East Cent was supposed to be the “friendly” campus. There were two universities in Tucker Springs: John D. Tucker University, the private school where all the mind-bogglingly rich children of Colorado and elsewhere went, and Eastern Centennial State, the land-grant college. Tuck U wasn’t known for much beyond their jazz program, though locally its campus was known as a great place to get looked down upon. East Cent was friendly. East Cent hosted community fairs and folk fests. East Cent let the public use their community gym for a small fee, including their swimming pool.
East Cent was still a university, though, full of smart young people being, well, smart.
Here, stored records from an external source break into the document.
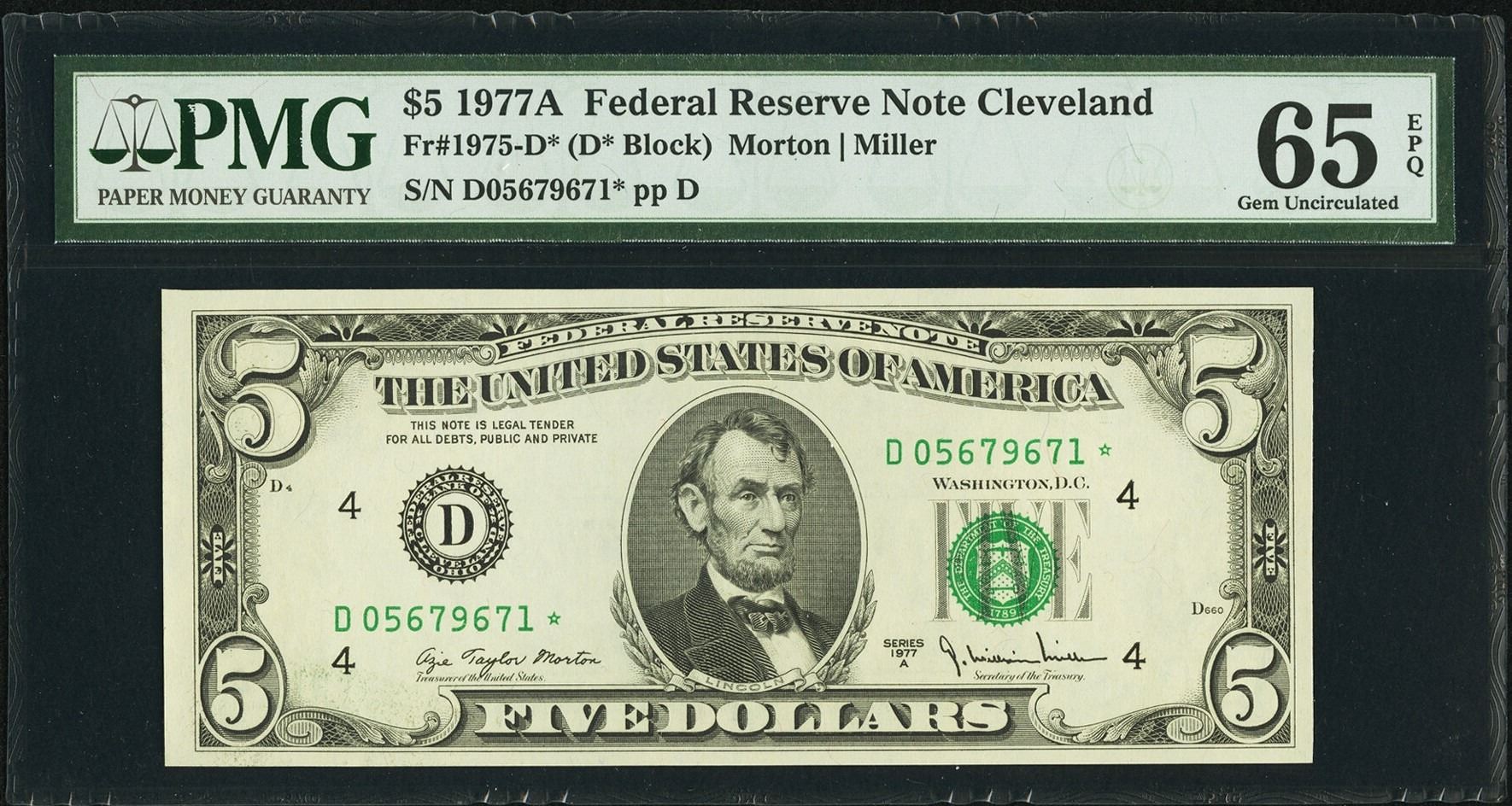 One 1977A $5 Cleveland Federal Reserve STAR Note PMG 65EPQ.
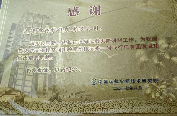 2011年9月29日,“神猴电缆”助力“天宫一号”,用长征二号F火箭将“天宫一号”目标器发射升空,同年,受到了中国载人航天工程办公室的表彰
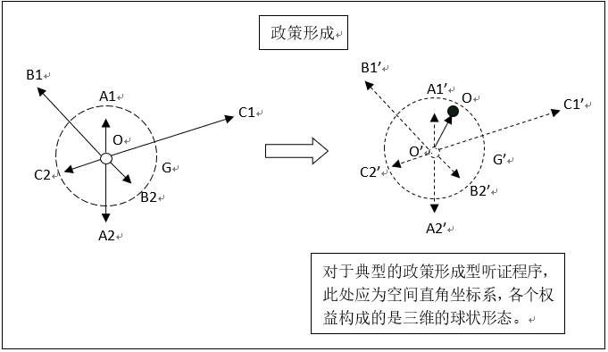 典型的政策形成程序示意图应置于空间直角坐标系中,所涉数方权益可能指向坐标系中的各个方向。如上文所述,所涉争议在进入听证程序之前通常仅为一种相对模糊的基本共识(如政策草案,或仅仅是政策议题),所处理的也为混合的、多中心的问题(以空心原点表示)。通常只有经过充分的意见交换以及其他补充性的程序之后,所涉议题之具体内容才会明晰化(经过听证程序后,空心原点成为命题清晰、内容确定的实心原点)。政策问题的多中心指的是,以这一议题为原点会有不同的利益诉求(A1、A2、B1、B2、C1、C2等),分别形成了数对冲突关系(如A1和A2形成的冲突关系A,以及B冲突、C冲突等)。
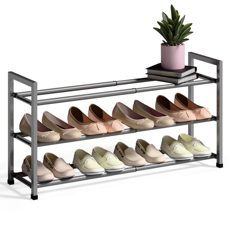 - EXPANDABLE SHOE RACK FOR CLOSET: Perfect for closet, this 3-tier shoe rack stretches from 18 to 33 inches and holds up to 12 pairs of adult shoes. Designed to freely stretch and adapt to your small space, ensuring a perfect fit with its easily adjustable length.
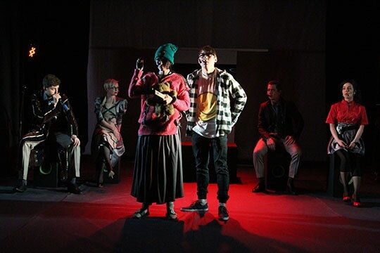 Эта постановка мне напомнила моноспектакль. Здесь герой Петра Зубарева - Саша, хотя, конечно, он давно как Мот - говорит за остальных героев. Он своеобразный переводчик с "родительского" на "человеческий". А быть может, Мот только думает, что знает, что именно говорят мама и папа? А что, если все диалоги звучат только в голове Мота?
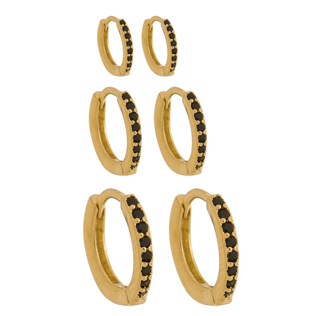 Brinco trio argola click pedras 1mm zircônias preto, medindo 0,9mm, 1,1mm, 1,3mm de diâmetro BANHO DE OURO
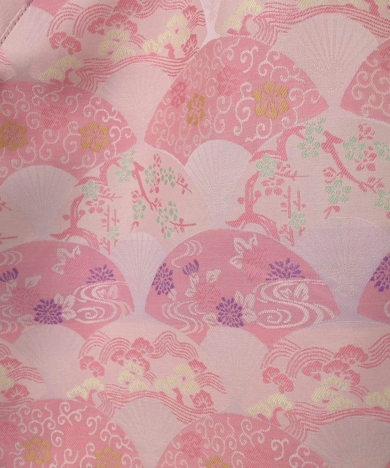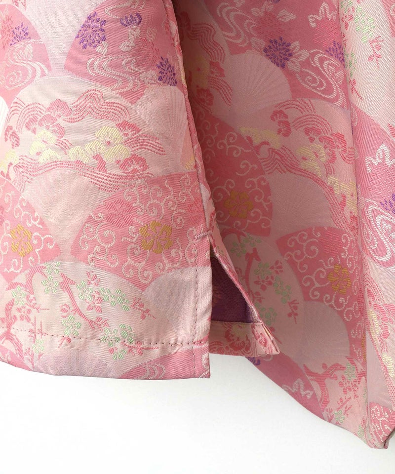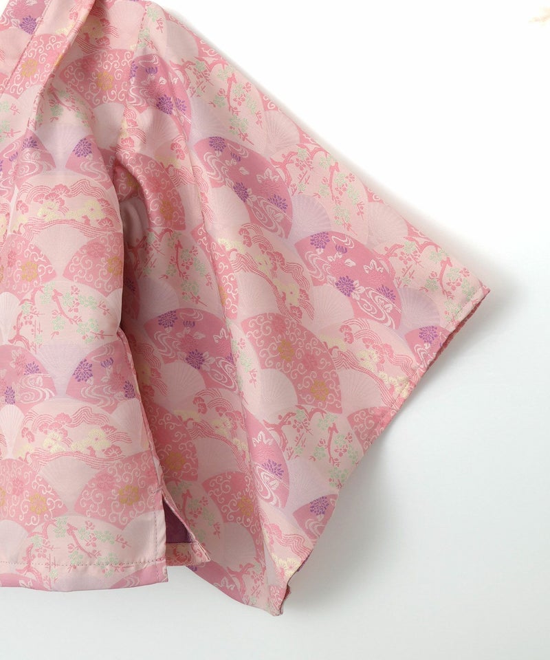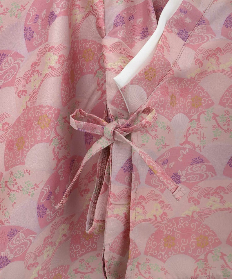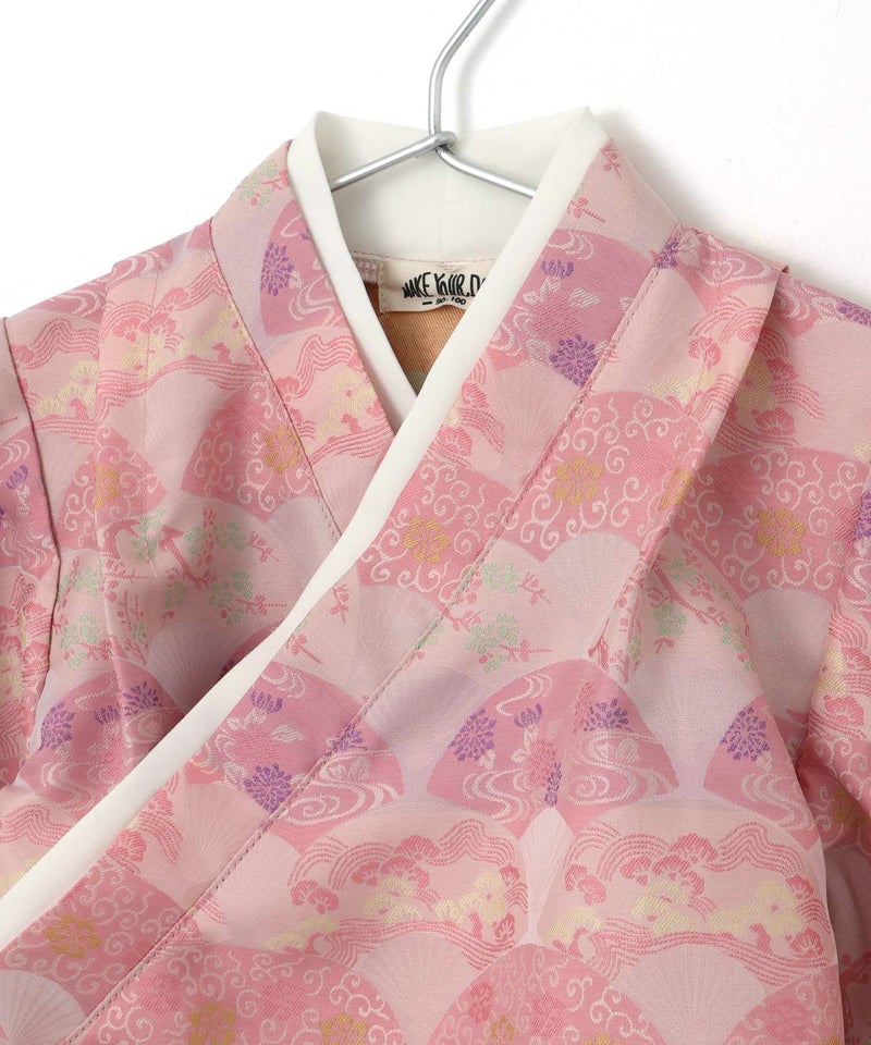 しっかりインパクトのある柄の羽織と、ウエストは本格的な和装の結びでかっこよく、まるで大人の袴を着せているようなデザイン。

On the way over to Warren Hall, Denver passed two rallies (one for the New Libertarians campus group, and another by raw vegans, whatever those were) and overheard more fifty-dollar words than he knew existed. Two young men Denver would have pegged as total preening twinks were having a heated discussion about Kant versus Jung, but stopped to openly drool over a well-endowed sorority princess as she passed by. Even the flyers on the bulletin boards were intimidating.
He felt too big too, which was not something he normally experienced. Usually his size, which he’d worked hard to achieve, made him feel safer and more secure. Not on East Cent’s campus. Here, his size made him feel freakish and strange, more of an interloper than he already was.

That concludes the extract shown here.